Som Prakash v. Union of India is a 1981 constitutional law case before the honourable Supreme court of India concerning the applicability of Article 12 of the Indian constitution to corporations owned by the Indian government.
FACTS:
- The petitioner worked as a clerk under the Burmah Shell oil storage ltd. As he qualified to receive the pension, he applied for a voluntary retirement scheme. He retired on 1st April 1973, along with other benefits under the scheme, such as the employee provident fund (EPF) and gratuity.
- In monetary terms, it entitled him to Rs. 165.99 per month as pension and paid Rs. 86 per month as supplementary retirement benefits (ex gratia) for 13 months.
- In the meantime, the Central government took Burma Shell Oil Storage Ltd. over by enacting the Burmah Shell (Acquisition of Undertakings in India) Act, 1976. The company became a subsidiary under the existing Bharat Petroleum ltd.
- On 25th September 1975, Burmah Shell issued a letter informing the petitioner that from out of his pension of Rs. 165.99, two deductions were made, one for the EPF payment and the other for payment of gratuity. With this, the pension payable to him was shown as Rs. 40.05.
- The monthly supplementary retirement benefit of Rs. 86/- was also cut off, though it was at the discretion of the employer and is liable to be stopped.
- Aggrieved by this measure, the petitioner directly petitioned before the Supreme court under Article 32 of the Indian constitution.
ISSUES:
- Whether a company acquired by the central government is a State within the meaning of article 12?
- Is it justified in the public interest, if not legal, to deduct the petitioner’s pension in the name of giving gratuity and EPF?
CONTENTIONS:
- The main contention of the petitioner is to invalidate the deductions, in the name of EPF and gratuity, from his original pension.
- The preliminary objection from the respondents was that no writ would lie against Bharat petroleum since it is neither a government department nor a statutory corporation, but just a company.
- Respondents also contend that the pension amount is to be read integrally with the gratuity amount when dealing with social security measures and cannot be divorced from one another. Hence, it is legitimate to deduct gratuity from the actual pension sum.
RATIO DECIDENDI:
- The issue was taken up by a three-member Supreme court bench comprising Justice V.R. Krishna Iyer, Justice O. Chinarajappa, and Justice R.S. Pathak. While Justice Krishna Iyer delivered the judgment, Justice Pathak gave a dissenting opinion.
- The Apex court clarified that Article 12 of the Indian constitution when r/w Art. 298 (government to carry on trade), clearly envisions that “the State” in Art. 12 includes statutory corporations, registered societies, government companies, or other like entities created for promoting economic activities.
- The bench observed it is unjust for a public sector company to reduce an older man’s pension (petitioner) to Rs. 40/-from Rs. 250/- even if it is assumed to be legal.

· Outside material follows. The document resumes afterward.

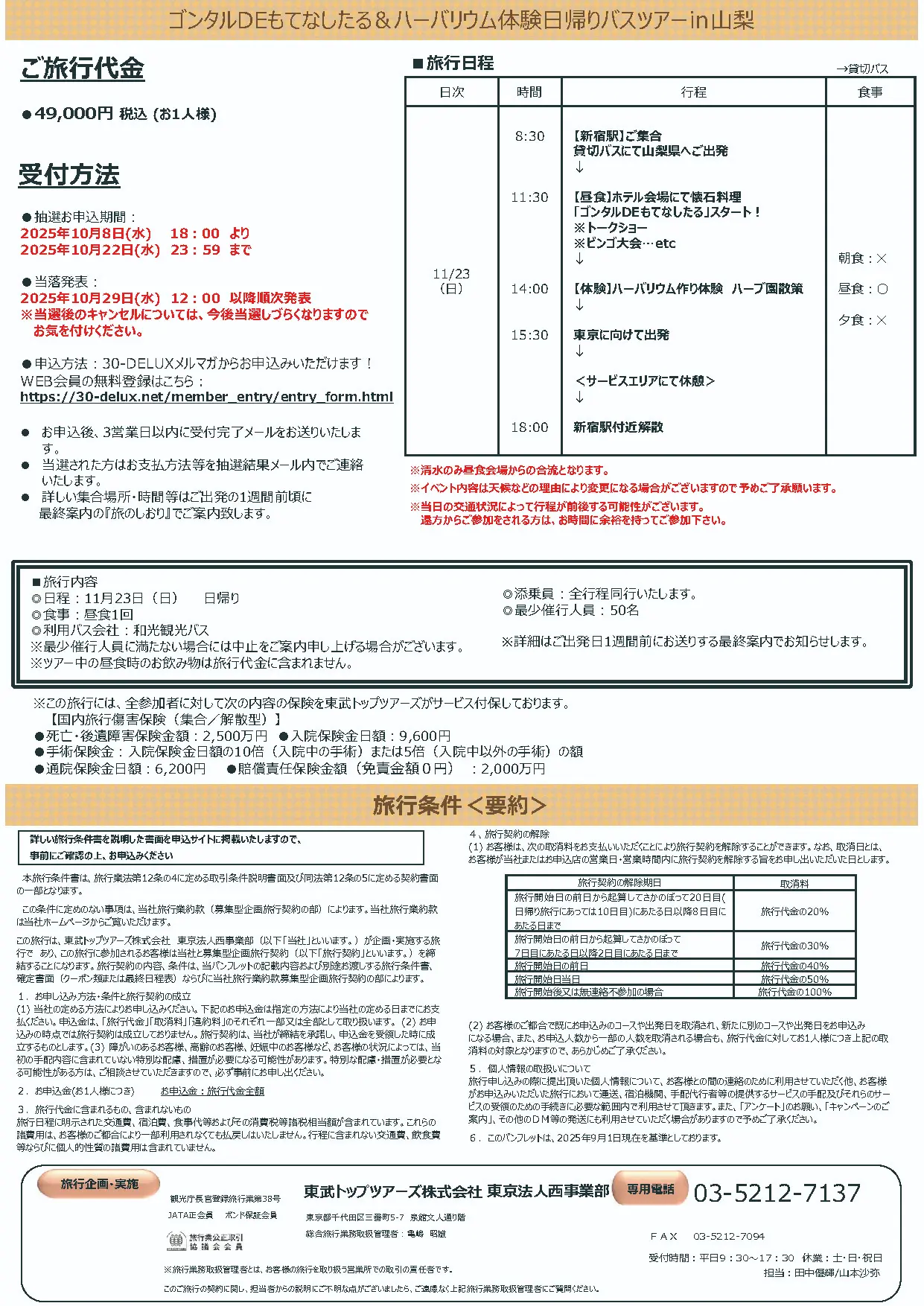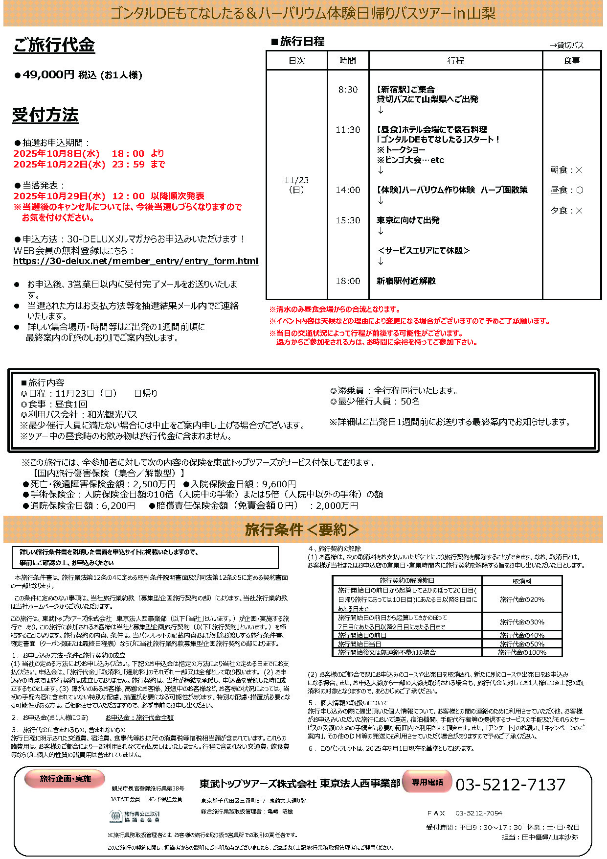 30-DELUX presents ゴンタルDEもてなしたる&ハーバリウム体験 日帰りバスツアー in山梨

- The majority opinion clarified that if there is any reduction in the pension consequent on the receipt of the same, there will be no real benefit to the employee. It is nothing, but the Management takes away by the left hand what it seems to confer by the right.
DECISION:
- The bench, though, had a dissenting opinion from Justice Pathak, however, unanimously allowed the appeal of the petitioner and agreed to provide him with the relief.
- Bharat Petroleum Corporation was held to be a “state” within the meaning of Article 12.
- State-owned companies and corporations, though they are separate legal entities in the eyes of the law, are instruments of the state in carrying on various activities (as businesses).
- These corporations are representatives of government departments, who would have otherwise carried on the same task, and hence fall under the ambit of “State” mentioned in Art. 12 of the Indian constitution.
- Gratuity and provident funds have two different roots. Payment of both should be independent of the other, and any mutual deductions in an employee’s overall social security benefits are never a complete benefit.
CONCLUSION:
- This case clearly envisages two important rulings- one in the constitutional law field and another for the social justice of employees.
- The Supreme court clarifies that social security allowances to employees after retirement must be interpreted liberally to promote maximum social justice to the working sections of society. It must prevent any bifurcations and should not mislead with tactful and confusing financial modes.
- From the constitutional law point-of-view, the court rightly points out that PSUs are the key to establishing a welfare state, the organs and integral part of the state itself, and hence also within Article 12 of the Indian Constitution.